Prompt — Within the material below, locate the line with "燃料タンクは、美しいプレスラ" and the line with "As mentioned previously, his", then return those two lines and all lines between them, exactly as written.

Records for processing —
****************************************

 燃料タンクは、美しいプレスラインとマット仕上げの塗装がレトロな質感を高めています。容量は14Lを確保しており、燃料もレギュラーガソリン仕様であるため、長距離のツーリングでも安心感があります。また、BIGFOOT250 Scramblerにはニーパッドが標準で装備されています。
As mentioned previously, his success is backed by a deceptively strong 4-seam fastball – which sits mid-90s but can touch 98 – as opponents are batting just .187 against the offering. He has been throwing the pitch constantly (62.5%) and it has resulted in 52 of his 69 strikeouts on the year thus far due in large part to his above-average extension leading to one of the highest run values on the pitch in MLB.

****************************************

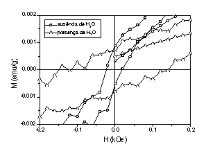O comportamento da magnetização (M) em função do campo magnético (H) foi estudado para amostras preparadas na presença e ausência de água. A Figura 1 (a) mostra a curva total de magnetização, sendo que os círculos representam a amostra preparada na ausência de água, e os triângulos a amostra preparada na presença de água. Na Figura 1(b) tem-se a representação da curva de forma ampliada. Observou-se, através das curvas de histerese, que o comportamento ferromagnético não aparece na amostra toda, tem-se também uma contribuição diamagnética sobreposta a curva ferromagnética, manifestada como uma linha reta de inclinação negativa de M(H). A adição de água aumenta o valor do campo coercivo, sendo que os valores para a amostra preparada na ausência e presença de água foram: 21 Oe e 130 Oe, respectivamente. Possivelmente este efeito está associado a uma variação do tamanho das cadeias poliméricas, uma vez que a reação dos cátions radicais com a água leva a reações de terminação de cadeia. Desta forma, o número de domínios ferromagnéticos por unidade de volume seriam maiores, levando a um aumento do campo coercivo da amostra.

****************************************

Response —
 燃料タンクは、美しいプレスラインとマット仕上げの塗装がレトロな質感を高めています。容量は14Lを確保しており、燃料もレギュラーガソリン仕様であるため、長距離のツーリングでも安心感があります。また、BIGFOOT250 Scramblerにはニーパッドが標準で装備されています。
As mentioned previously, his success is backed by a deceptively strong 4-seam fastball – which sits mid-90s but can touch 98 – as opponents are batting just .187 against the offering. He has been throwing the pitch constantly (62.5%) and it has resulted in 52 of his 69 strikeouts on the year thus far due in large part to his above-average extension leading to one of the highest run values on the pitch in MLB.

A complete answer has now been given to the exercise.